Azoles, the largest class of antifungal drugs in clinical use, are popular for their broad-spectrum efficacy against Candida species, good safety profile, and high bioavailability [275]. As a result, azoles like fluconazole (FLC), voriconazole (VRC), posaconazole (PSC), itraconazole, and isavuconazole are commonly used to treat invasive candidiasis [276]. One of the reasons for the low toxicity of azoles to human somatic cells is their specific mechanism of action, which involves the inhibition of lanosterol 14α-demethylase (encoded by the ERG11 gene), a key enzyme in ergosterol synthesis [277]. As an essential part of the fungal cell membrane, ergosterol’s synthesis inhibition results in the buildup of the toxic 14α-methyl sterol, compromising membrane integrity and the function of membrane-bound proteins. Although the drug class of azoles shows about 15% lower efficacy than echinocandins, as a first-line therapeutic agent, azoles exhibit higher penetration than echinocandins in some forms of deep-seated candidiasis [278]. Furthermore, azoles are inexpensive and can be administered both orally and intravenously, whereas echinocandins are scarce in resource-limited settings and require once-daily intravenous administration.
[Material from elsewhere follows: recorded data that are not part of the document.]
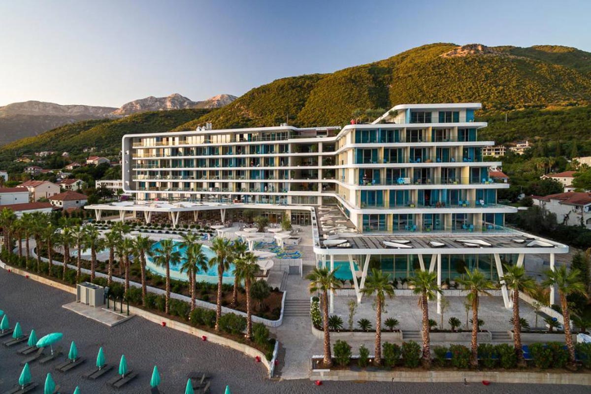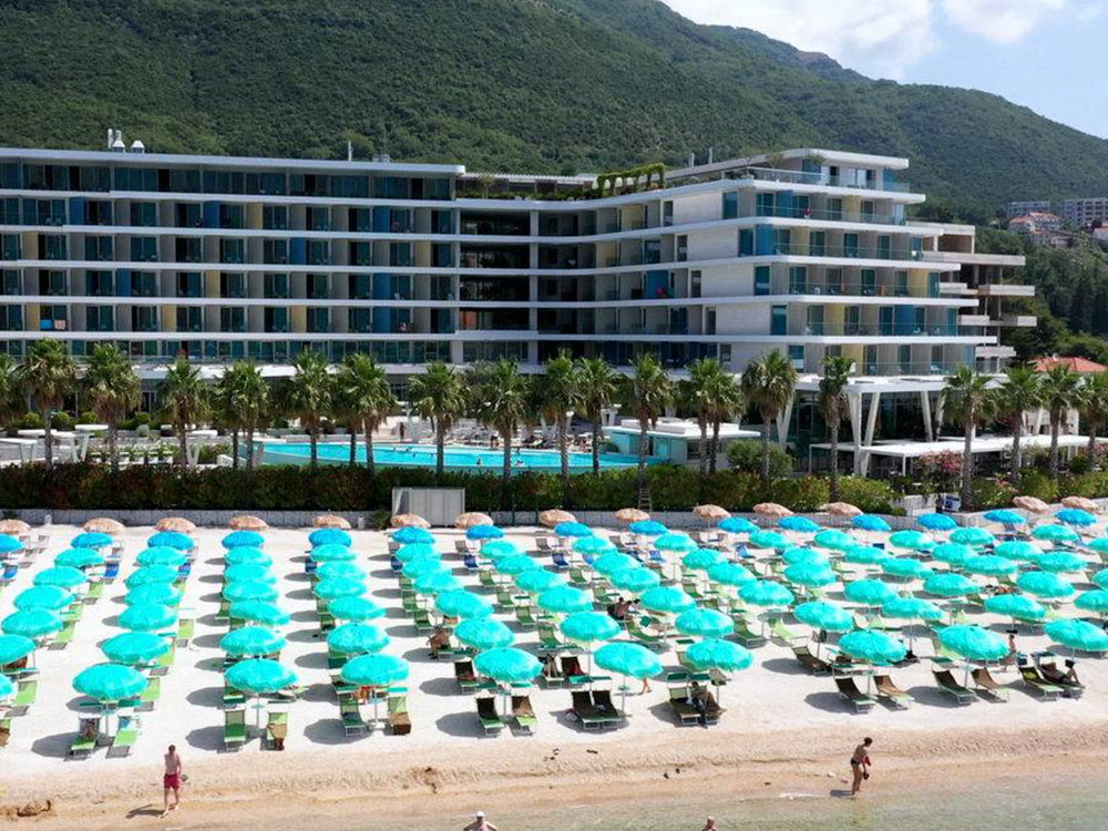 Частный пляж — насыпной песок и мелкая галька. Шезлонги и пляжные зонтики — бесплатно по системе «всё включено». Пляжные полотенца предоставляются за дополнительную плату. Расположен в Которском заливе, достаточно просторный для всех гостей отеля, а также имеет собственный причал для небольших яхт и лодок.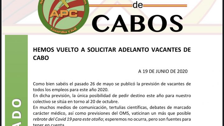 HEMOS VUELTO A SOLICITAR ADELANTO VACANTES DE CABO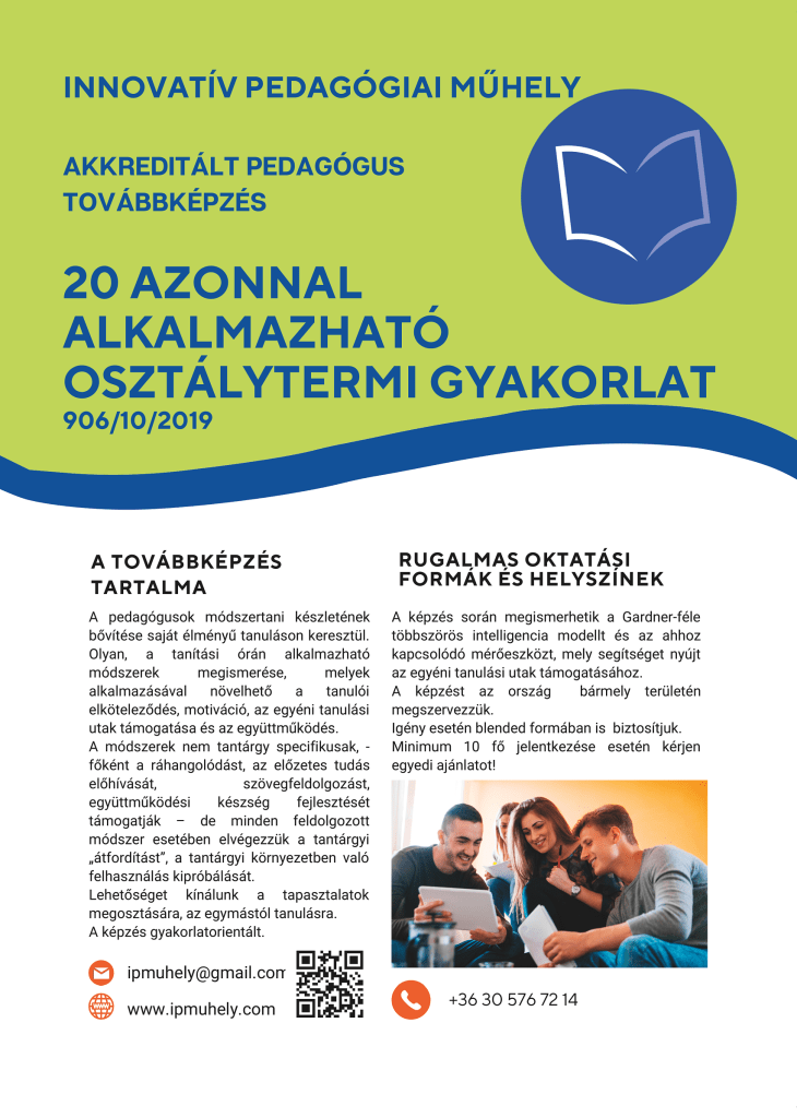 FelfedezésHa szívesen bővítenéd módszertani készleted, várunk 20 azonnal alkalmazható oktatásmódszertani gyakorlat című továbbképzésünkön!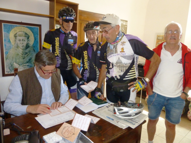 La vidimazione della Credenziale del Pellegrino, il documento che attesta alla persona che ne è in possesso la partecipazione ad un pellegrinaggio verso un luogo di culto, tenutasi questa mattina presso l’Ostello della Parrocchia di Santa Maria in Betlem, effettuata dal parroco don Lamberto Rossi, ha dato inizio al ciclopellegrinaggio che da Pavia porterà i nostri ciclisti a Roma nell’Anno Santo del Giubileo della Misericordia.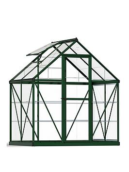 Canopia by Palram Harmony 6X4 – Greenhouse Depth: 126 CM Height: 208 CM Width: 185 CM Virtually unbreakable crystal-clear polycarbonate panels provide over 90% light transmission yet block harmful UV rays 100% UV protected panels do not turn yellow or become brittle over time Strong, green powder coated, corrosion resistant aluminium frame for long lasting durability Easy assembly – sliding panels’ assembly system, ready to assemble pre-drilled profiles, pre-cut sliding panels, and all hardware included Maintenance free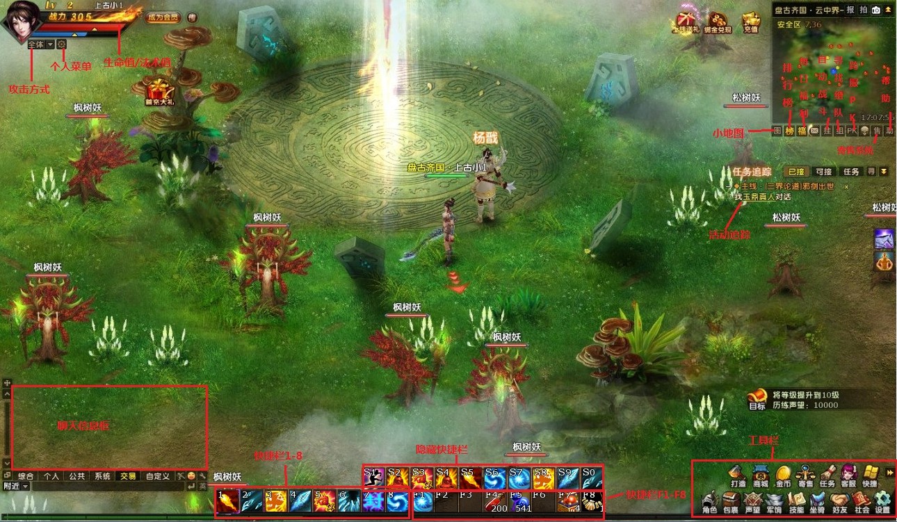进入游戏后,熟悉一下游戏界面,为以后的迅猛发展打下良好的基础,现在让我们根据图片,快速了解一下YY《上古战神》的游戏界面吧。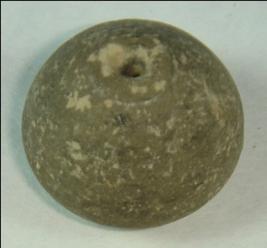 | Description / विवरण | Small terracotta bead with betel nut body and flat base. It has perforated hole in centre and surrounded with striation marks. It is semi fine and has a depression at base. The body is slightly rubbed off. |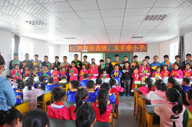 涓涓细流汇成大海,点滴奉献铸就大爱。“鸿雁工程”18年来不间断的付出影响了很多人,佟赟康本是一名哈拉达族小学的学生,在“鸿雁工程”的资助与爱心的影响下,现在也加入到这个队伍中来,为“鸿雁工程”注入了新鲜的血液。通过这次的捐资助学活动,不仅实现了大学生与小手们的零距离接触,更加提高了大学生的责任心,增强了责任意识。鸿雁因爱而生,鸿雁人因爱而美,希望在“鸿雁工程”的带动下,会有更多的人懂得奉献的意义,明白自己的社会责任感和使命感。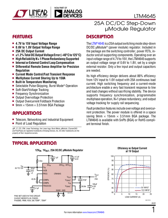 LTM4645 25A DC/DC Step-Down µModule Regulator

Moreover, azoles are generally better tolerated than echinocandins, which often show strong side effects such as nephrotoxicity, which can be reduced but not completely avoided by lipid-based forms [279,280]. The main challenge in dealing with this antifungal agent is the high incidence of resistant Candida species caused by the widespread use of this class of drugs [281]. Azole resistance develops due to a combination of factors, such as mutations in the ERG11 gene (which encodes the target enzyme), point mutations in the ERG3 gene that modify the ergosterol biosynthesis pathway to create less toxic 14α-methyl fecosterol, and the increased expression of multidrug efflux pumps like CDR1, CDR2, and MDR1, which export azoles from the fungal cell [282,283,284].

3.2.4. 5-Flucytosine

5-Flucytosine is carried into the cell by a cytosine permease and metabolized into a toxic version of uridine triphosphate by a cytosine deaminase or converted into an inhibitor of thymidylate synthase, which reduces the availability of nucleotides for DNA synthesis [285,286]. The greatest threat to this antifungal agent is also the increasing number of Candida isolates with secondary acquired resistance of up to 8% after monotherapy [287]. The root causes are mutations in the FCY2 gene, which encodes cysteine permease, or in the FCY1 gene, which codes for cysteine deaminase [287]. Currently, flucytosine is only given in combination with AmB to prevent the further development of resistance [30].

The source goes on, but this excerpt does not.